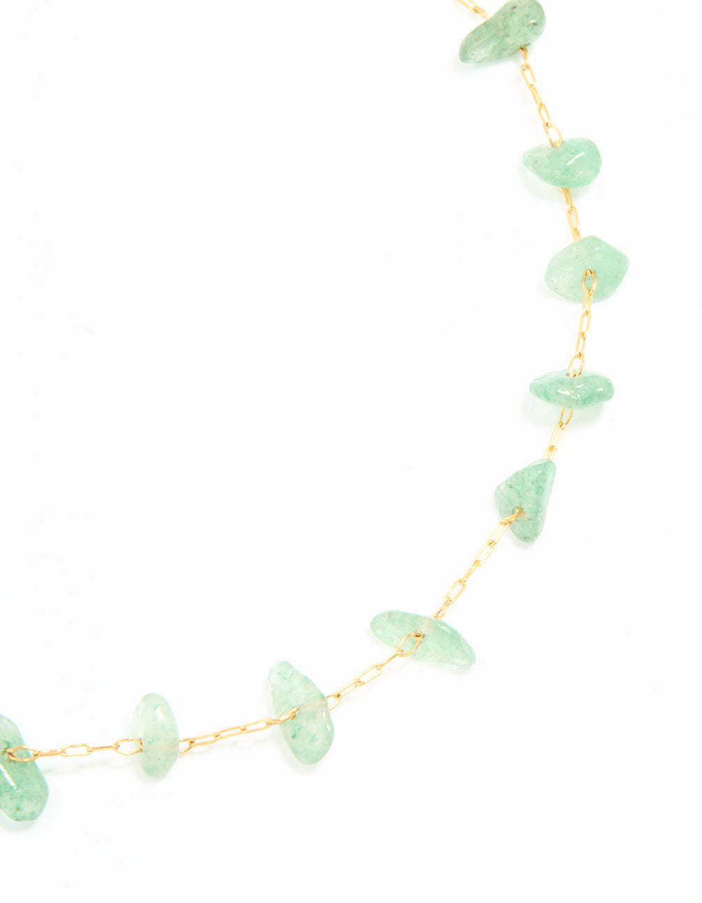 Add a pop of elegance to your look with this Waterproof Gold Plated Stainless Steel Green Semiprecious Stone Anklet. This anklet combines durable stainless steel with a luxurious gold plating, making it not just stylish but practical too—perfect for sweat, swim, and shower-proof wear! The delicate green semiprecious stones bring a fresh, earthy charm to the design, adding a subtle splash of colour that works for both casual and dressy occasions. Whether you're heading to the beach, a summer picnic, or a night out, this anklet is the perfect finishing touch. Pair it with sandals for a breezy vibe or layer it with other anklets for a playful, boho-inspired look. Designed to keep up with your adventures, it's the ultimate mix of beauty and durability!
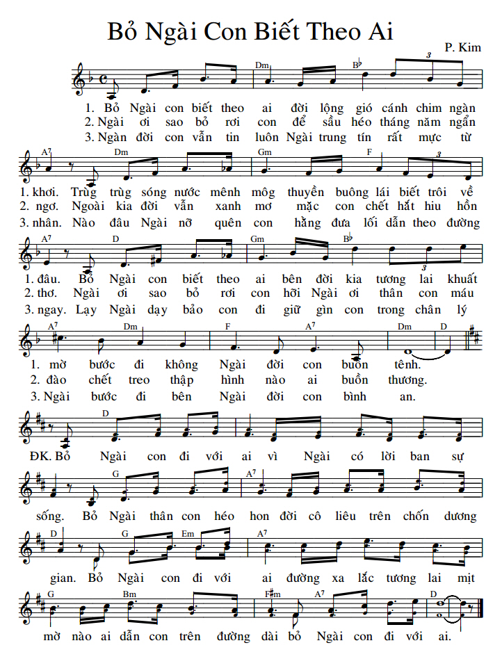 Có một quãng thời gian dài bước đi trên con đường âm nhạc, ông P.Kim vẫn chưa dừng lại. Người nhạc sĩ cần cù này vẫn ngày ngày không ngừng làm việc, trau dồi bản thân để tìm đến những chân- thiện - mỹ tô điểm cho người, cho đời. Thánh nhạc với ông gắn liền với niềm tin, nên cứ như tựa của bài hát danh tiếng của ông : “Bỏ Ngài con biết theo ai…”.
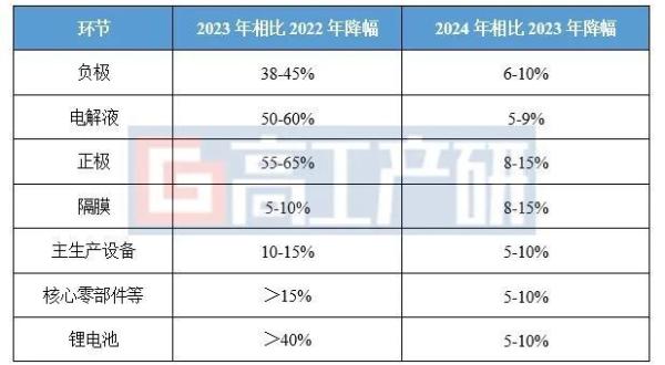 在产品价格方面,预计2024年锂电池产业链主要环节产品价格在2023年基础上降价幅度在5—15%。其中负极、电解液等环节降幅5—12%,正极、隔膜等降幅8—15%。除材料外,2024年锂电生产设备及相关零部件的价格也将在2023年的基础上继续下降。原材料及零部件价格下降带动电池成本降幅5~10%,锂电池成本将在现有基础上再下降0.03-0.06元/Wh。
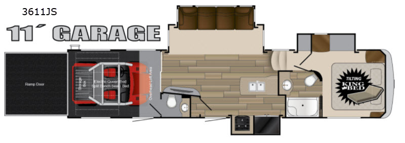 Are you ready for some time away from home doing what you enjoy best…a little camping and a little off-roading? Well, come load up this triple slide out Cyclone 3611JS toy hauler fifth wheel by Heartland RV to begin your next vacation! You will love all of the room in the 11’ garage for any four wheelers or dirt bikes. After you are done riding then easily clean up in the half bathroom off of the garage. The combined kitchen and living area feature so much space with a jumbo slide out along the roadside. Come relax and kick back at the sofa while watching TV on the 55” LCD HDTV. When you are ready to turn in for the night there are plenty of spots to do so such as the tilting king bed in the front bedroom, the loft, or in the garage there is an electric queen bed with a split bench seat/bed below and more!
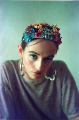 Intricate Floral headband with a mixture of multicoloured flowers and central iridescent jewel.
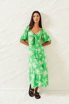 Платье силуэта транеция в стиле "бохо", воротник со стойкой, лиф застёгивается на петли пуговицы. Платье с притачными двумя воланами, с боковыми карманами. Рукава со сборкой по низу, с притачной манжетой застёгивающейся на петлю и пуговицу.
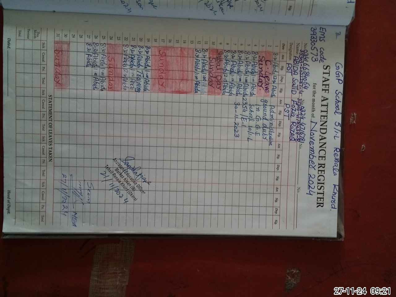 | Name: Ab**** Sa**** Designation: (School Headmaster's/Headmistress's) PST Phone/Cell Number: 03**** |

**********

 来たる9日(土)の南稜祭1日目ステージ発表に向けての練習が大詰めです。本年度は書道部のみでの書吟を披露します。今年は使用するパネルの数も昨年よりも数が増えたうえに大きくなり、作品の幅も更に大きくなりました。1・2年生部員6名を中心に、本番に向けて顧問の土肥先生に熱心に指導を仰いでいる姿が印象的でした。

**********

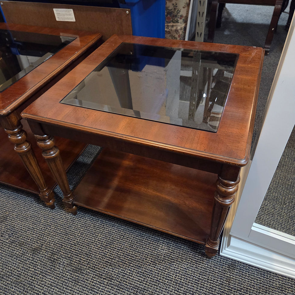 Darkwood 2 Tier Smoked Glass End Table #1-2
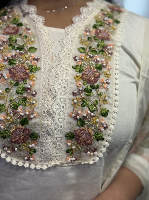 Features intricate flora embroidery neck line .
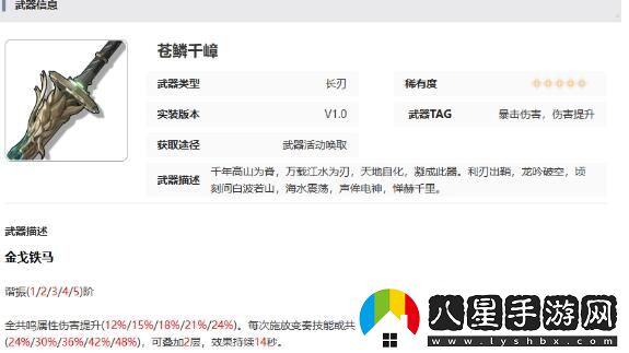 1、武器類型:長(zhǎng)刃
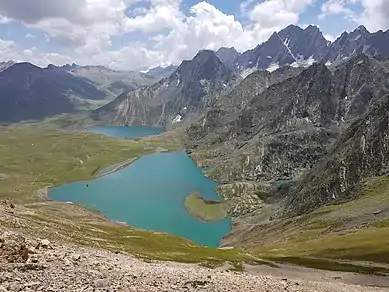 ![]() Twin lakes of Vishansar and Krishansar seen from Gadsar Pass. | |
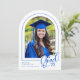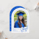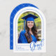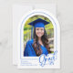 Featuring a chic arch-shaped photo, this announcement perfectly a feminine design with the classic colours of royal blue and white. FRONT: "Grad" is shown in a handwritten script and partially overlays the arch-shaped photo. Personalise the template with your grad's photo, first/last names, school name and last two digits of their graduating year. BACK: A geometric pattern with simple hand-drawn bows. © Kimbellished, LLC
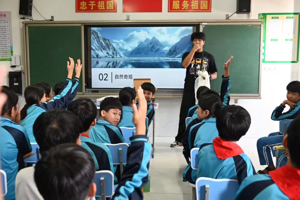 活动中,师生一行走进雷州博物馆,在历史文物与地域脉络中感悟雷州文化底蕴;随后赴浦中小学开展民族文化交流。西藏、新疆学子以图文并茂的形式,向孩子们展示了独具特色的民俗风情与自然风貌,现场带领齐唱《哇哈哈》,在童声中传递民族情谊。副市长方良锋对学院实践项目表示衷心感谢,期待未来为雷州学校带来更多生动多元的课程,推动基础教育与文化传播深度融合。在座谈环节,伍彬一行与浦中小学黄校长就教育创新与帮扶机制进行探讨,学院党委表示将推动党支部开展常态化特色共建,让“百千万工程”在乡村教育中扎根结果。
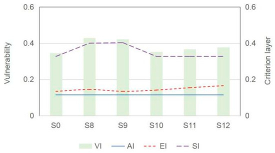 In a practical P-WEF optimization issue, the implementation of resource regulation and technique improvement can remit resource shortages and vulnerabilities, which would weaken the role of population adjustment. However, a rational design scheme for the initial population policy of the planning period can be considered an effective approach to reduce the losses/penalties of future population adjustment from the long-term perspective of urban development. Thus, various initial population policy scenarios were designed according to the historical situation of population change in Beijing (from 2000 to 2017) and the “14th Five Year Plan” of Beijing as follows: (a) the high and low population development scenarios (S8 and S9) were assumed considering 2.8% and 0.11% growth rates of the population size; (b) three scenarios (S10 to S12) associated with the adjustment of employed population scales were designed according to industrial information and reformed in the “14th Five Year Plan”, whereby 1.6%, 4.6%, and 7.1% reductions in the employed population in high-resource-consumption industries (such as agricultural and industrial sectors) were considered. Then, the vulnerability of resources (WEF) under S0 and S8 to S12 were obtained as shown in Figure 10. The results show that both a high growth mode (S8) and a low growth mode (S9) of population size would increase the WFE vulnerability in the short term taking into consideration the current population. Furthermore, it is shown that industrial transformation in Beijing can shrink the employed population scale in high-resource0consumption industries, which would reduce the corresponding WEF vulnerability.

**********

* [What needs to be done]: In the records above, find the line containing "Darkwood 2 Tier Smoked Glass End Table #1-2" and the line containing "活动中,师生一行走进雷州博物", then give both of them again word for word along with every line between. Omit any pictures.

* [Response]:
 Darkwood 2 Tier Smoked Glass End Table #1-2
 Features intricate flora embroidery neck line .
 1、武器類型:長(zhǎng)刃
 ![]() Twin lakes of Vishansar and Krishansar seen from Gadsar Pass. | |
 Featuring a chic arch-shaped photo, this announcement perfectly a feminine design with the classic colours of royal blue and white. FRONT: "Grad" is shown in a handwritten script and partially overlays the arch-shaped photo. Personalise the template with your grad's photo, first/last names, school name and last two digits of their graduating year. BACK: A geometric pattern with simple hand-drawn bows. © Kimbellished, LLC
 活动中,师生一行走进雷州博物馆,在历史文物与地域脉络中感悟雷州文化底蕴;随后赴浦中小学开展民族文化交流。西藏、新疆学子以图文并茂的形式,向孩子们展示了独具特色的民俗风情与自然风貌,现场带领齐唱《哇哈哈》,在童声中传递民族情谊。副市长方良锋对学院实践项目表示衷心感谢,期待未来为雷州学校带来更多生动多元的课程,推动基础教育与文化传播深度融合。在座谈环节,伍彬一行与浦中小学黄校长就教育创新与帮扶机制进行探讨,学院党委表示将推动党支部开展常态化特色共建,让“百千万工程”在乡村教育中扎根结果。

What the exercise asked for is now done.